Without including any picture, transcribe the entries below word for word.
Listed records START
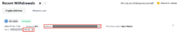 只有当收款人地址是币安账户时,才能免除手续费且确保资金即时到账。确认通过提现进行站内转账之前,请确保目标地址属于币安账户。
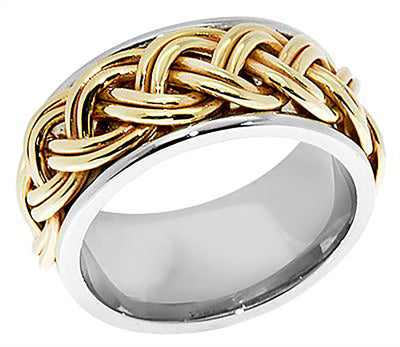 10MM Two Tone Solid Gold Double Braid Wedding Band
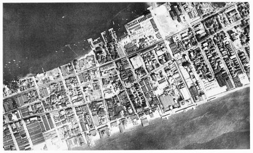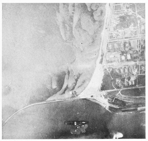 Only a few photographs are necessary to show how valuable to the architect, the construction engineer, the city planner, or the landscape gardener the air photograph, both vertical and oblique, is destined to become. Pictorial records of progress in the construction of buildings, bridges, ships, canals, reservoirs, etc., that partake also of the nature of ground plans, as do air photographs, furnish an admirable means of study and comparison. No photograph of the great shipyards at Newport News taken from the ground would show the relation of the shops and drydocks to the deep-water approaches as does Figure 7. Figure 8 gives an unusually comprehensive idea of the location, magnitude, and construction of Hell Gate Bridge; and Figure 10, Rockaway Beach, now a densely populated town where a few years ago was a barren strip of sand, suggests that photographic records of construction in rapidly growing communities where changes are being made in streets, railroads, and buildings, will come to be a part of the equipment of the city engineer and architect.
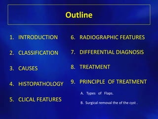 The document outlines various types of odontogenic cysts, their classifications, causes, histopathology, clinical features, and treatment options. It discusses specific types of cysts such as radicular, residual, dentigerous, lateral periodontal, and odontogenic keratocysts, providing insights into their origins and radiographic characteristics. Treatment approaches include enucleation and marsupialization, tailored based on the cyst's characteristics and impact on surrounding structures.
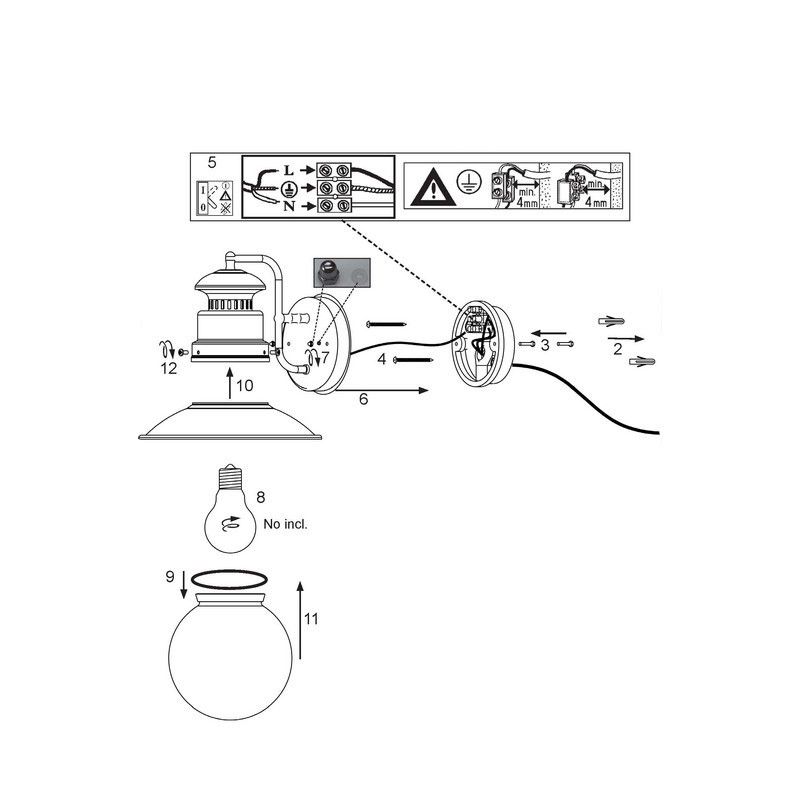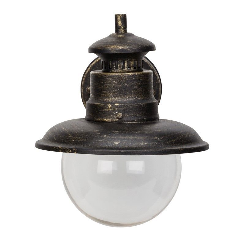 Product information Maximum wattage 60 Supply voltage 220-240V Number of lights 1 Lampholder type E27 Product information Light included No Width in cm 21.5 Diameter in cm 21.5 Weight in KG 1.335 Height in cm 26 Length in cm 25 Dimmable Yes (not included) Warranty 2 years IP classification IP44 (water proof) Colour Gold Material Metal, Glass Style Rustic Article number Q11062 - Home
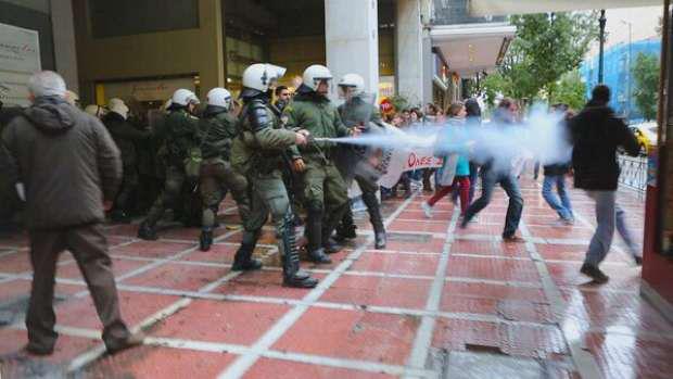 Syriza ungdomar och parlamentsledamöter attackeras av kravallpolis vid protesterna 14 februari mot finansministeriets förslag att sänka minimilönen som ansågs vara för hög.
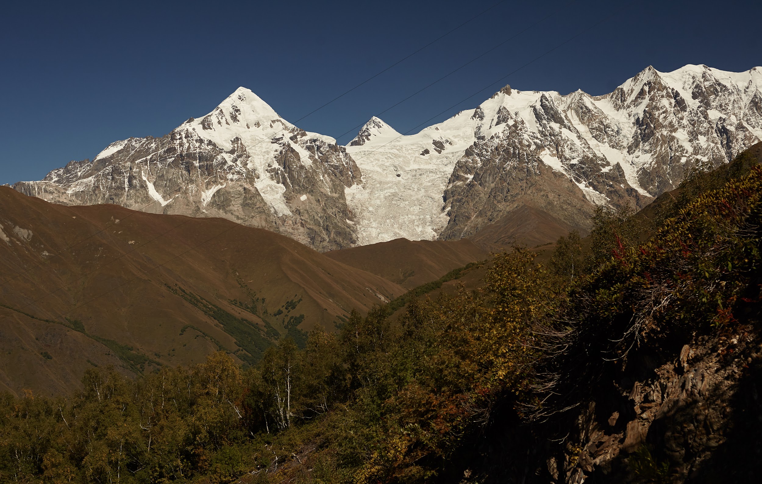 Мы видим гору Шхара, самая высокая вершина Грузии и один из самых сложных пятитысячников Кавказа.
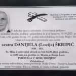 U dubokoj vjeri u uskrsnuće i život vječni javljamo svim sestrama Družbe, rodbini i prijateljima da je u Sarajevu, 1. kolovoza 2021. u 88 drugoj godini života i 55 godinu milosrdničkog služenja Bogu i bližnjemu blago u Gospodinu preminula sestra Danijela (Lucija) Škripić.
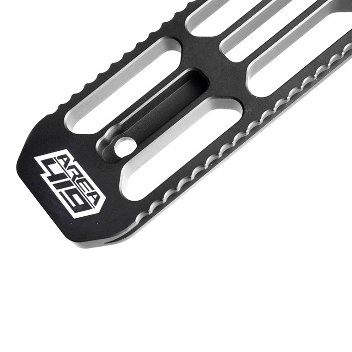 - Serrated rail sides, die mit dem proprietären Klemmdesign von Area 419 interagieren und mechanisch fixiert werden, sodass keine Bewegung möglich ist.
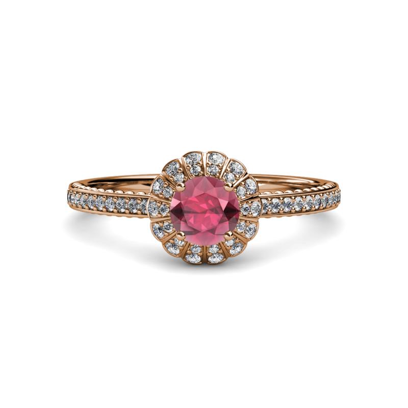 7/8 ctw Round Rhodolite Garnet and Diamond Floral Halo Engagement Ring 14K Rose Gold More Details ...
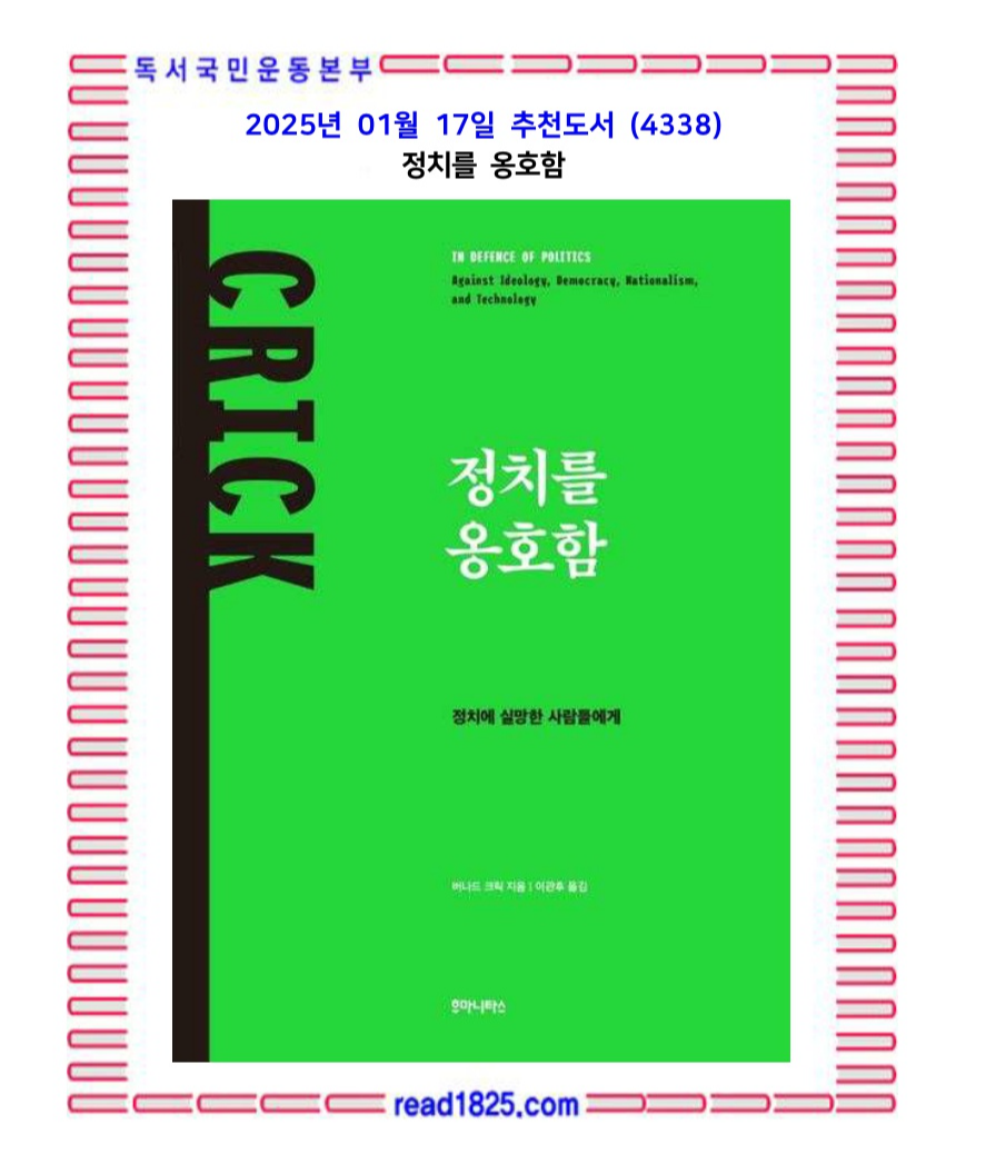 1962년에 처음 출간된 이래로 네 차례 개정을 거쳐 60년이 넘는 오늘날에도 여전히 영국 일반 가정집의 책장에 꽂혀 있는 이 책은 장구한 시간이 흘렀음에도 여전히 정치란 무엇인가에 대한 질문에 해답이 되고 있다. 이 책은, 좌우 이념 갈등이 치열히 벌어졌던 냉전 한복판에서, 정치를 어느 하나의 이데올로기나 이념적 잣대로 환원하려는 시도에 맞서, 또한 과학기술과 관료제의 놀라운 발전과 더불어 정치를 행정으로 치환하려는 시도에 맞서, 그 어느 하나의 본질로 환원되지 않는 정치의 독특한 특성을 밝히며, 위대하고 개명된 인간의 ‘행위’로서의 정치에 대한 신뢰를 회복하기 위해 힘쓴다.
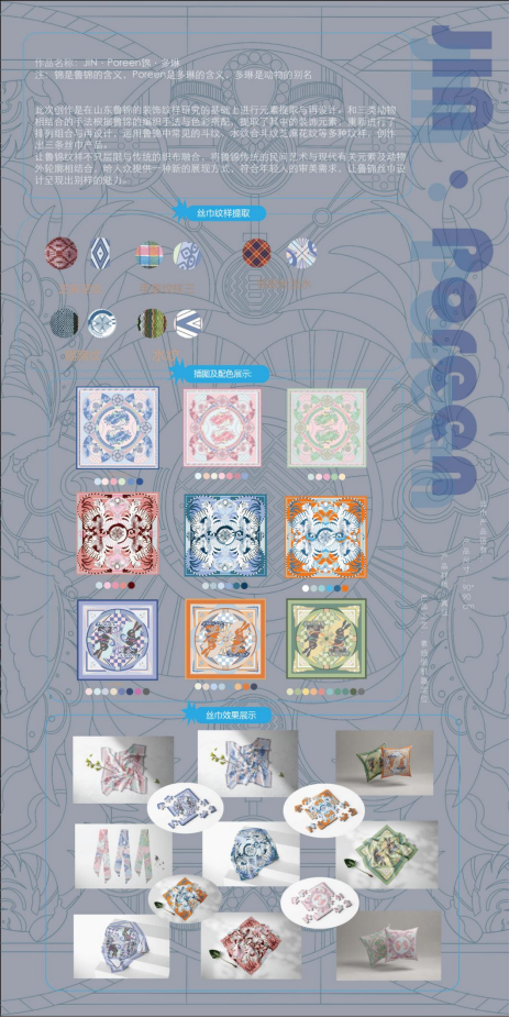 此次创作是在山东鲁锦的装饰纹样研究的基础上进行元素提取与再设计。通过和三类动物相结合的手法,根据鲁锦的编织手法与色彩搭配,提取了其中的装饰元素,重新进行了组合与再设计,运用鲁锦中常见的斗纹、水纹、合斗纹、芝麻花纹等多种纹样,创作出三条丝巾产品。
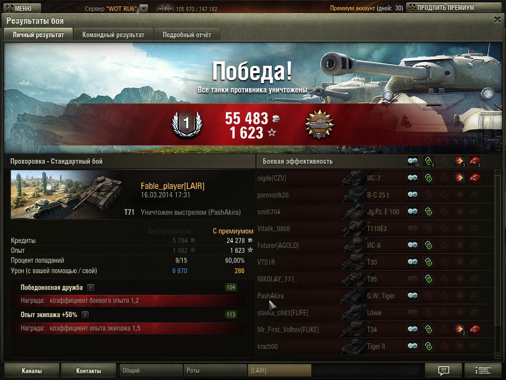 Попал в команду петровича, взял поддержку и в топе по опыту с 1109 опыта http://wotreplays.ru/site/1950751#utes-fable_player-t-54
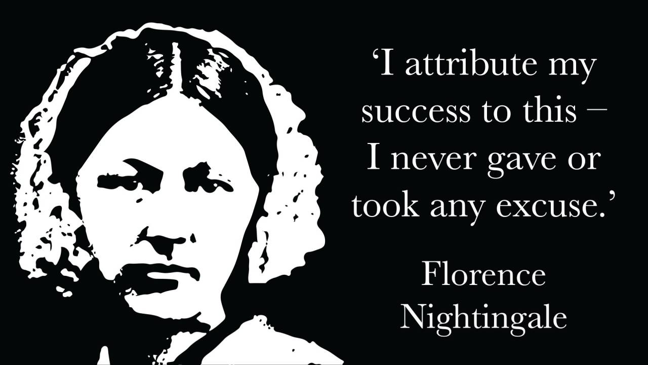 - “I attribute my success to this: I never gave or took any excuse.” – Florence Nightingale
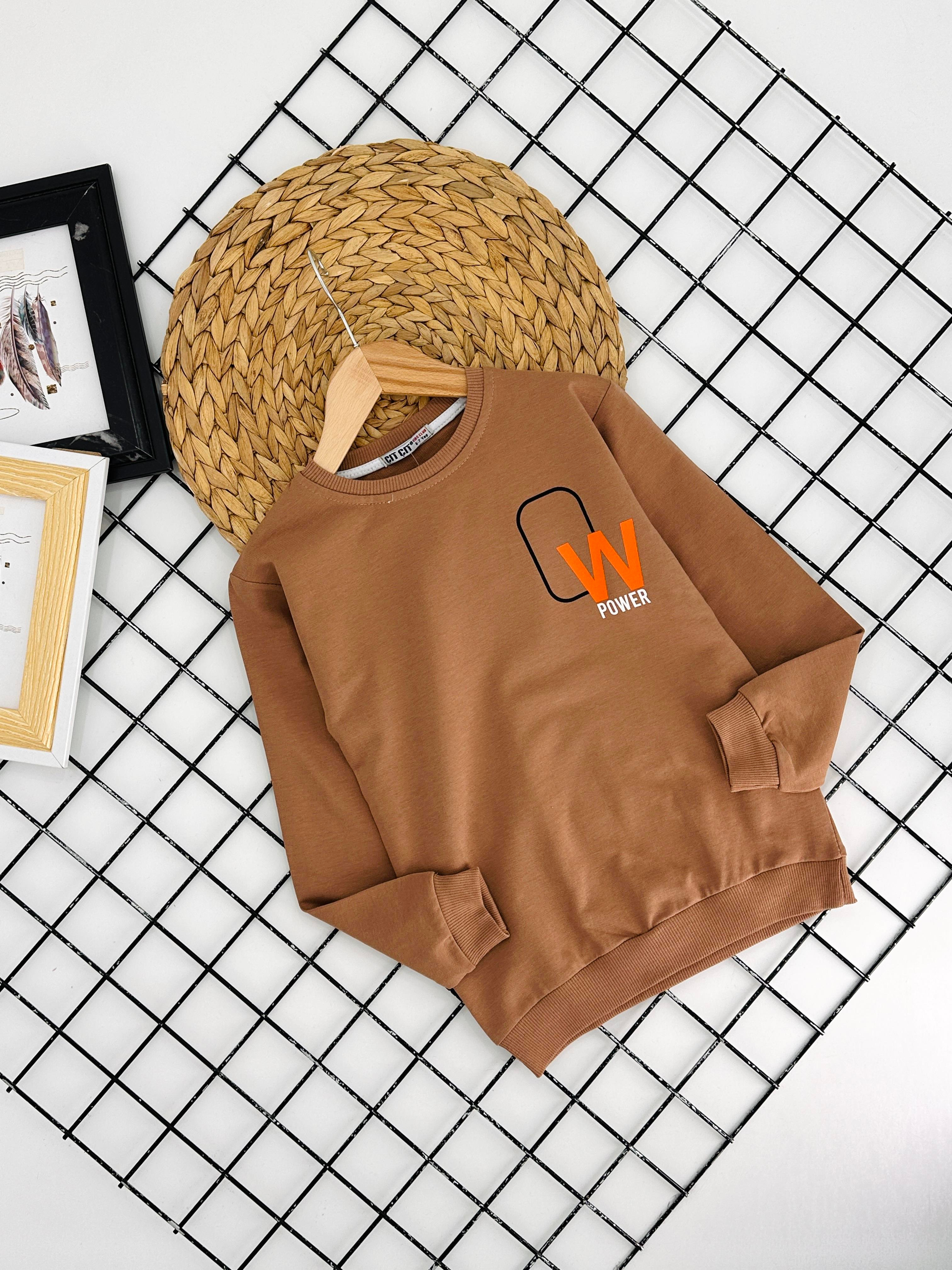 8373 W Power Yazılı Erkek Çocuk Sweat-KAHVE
Listed records END
- [Exercise solution]
 只有当收款人地址是币安账户时,才能免除手续费且确保资金即时到账。确认通过提现进行站内转账之前,请确保目标地址属于币安账户。
 10MM Two Tone Solid Gold Double Braid Wedding Band
 Only a few photographs are necessary to show how valuable to the architect, the construction engineer, the city planner, or the landscape gardener the air photograph, both vertical and oblique, is destined to become. Pictorial records of progress in the construction of buildings, bridges, ships, canals, reservoirs, etc., that partake also of the nature of ground plans, as do air photographs, furnish an admirable means of study and comparison. No photograph of the great shipyards at Newport News taken from the ground would show the relation of the shops and drydocks to the deep-water approaches as does Figure 7. Figure 8 gives an unusually comprehensive idea of the location, magnitude, and construction of Hell Gate Bridge; and Figure 10, Rockaway Beach, now a densely populated town where a few years ago was a barren strip of sand, suggests that photographic records of construction in rapidly growing communities where changes are being made in streets, railroads, and buildings, will come to be a part of the equipment of the city engineer and architect.
 The document outlines various types of odontogenic cysts, their classifications, causes, histopathology, clinical features, and treatment options. It discusses specific types of cysts such as radicular, residual, dentigerous, lateral periodontal, and odontogenic keratocysts, providing insights into their origins and radiographic characteristics. Treatment approaches include enucleation and marsupialization, tailored based on the cyst's characteristics and impact on surrounding structures.
 Product information Maximum wattage 60 Supply voltage 220-240V Number of lights 1 Lampholder type E27 Product information Light included No Width in cm 21.5 Diameter in cm 21.5 Weight in KG 1.335 Height in cm 26 Length in cm 25 Dimmable Yes (not included) Warranty 2 years IP classification IP44 (water proof) Colour Gold Material Metal, Glass Style Rustic Article number Q11062 - Home
 Syriza ungdomar och parlamentsledamöter attackeras av kravallpolis vid protesterna 14 februari mot finansministeriets förslag att sänka minimilönen som ansågs vara för hög.
 Мы видим гору Шхара, самая высокая вершина Грузии и один из самых сложных пятитысячников Кавказа.
 U dubokoj vjeri u uskrsnuće i život vječni javljamo svim sestrama Družbe, rodbini i prijateljima da je u Sarajevu, 1. kolovoza 2021. u 88 drugoj godini života i 55 godinu milosrdničkog služenja Bogu i bližnjemu blago u Gospodinu preminula sestra Danijela (Lucija) Škripić.
 - Serrated rail sides, die mit dem proprietären Klemmdesign von Area 419 interagieren und mechanisch fixiert werden, sodass keine Bewegung möglich ist.
 7/8 ctw Round Rhodolite Garnet and Diamond Floral Halo Engagement Ring 14K Rose Gold More Details ...
 1962년에 처음 출간된 이래로 네 차례 개정을 거쳐 60년이 넘는 오늘날에도 여전히 영국 일반 가정집의 책장에 꽂혀 있는 이 책은 장구한 시간이 흘렀음에도 여전히 정치란 무엇인가에 대한 질문에 해답이 되고 있다. 이 책은, 좌우 이념 갈등이 치열히 벌어졌던 냉전 한복판에서, 정치를 어느 하나의 이데올로기나 이념적 잣대로 환원하려는 시도에 맞서, 또한 과학기술과 관료제의 놀라운 발전과 더불어 정치를 행정으로 치환하려는 시도에 맞서, 그 어느 하나의 본질로 환원되지 않는 정치의 독특한 특성을 밝히며, 위대하고 개명된 인간의 ‘행위’로서의 정치에 대한 신뢰를 회복하기 위해 힘쓴다.
 此次创作是在山东鲁锦的装饰纹样研究的基础上进行元素提取与再设计。通过和三类动物相结合的手法,根据鲁锦的编织手法与色彩搭配,提取了其中的装饰元素,重新进行了组合与再设计,运用鲁锦中常见的斗纹、水纹、合斗纹、芝麻花纹等多种纹样,创作出三条丝巾产品。
 Попал в команду петровича, взял поддержку и в топе по опыту с 1109 опыта http://wotreplays.ru/site/1950751#utes-fable_player-t-54
 - “I attribute my success to this: I never gave or took any excuse.” – Florence Nightingale
 8373 W Power Yazılı Erkek Çocuk Sweat-KAHVE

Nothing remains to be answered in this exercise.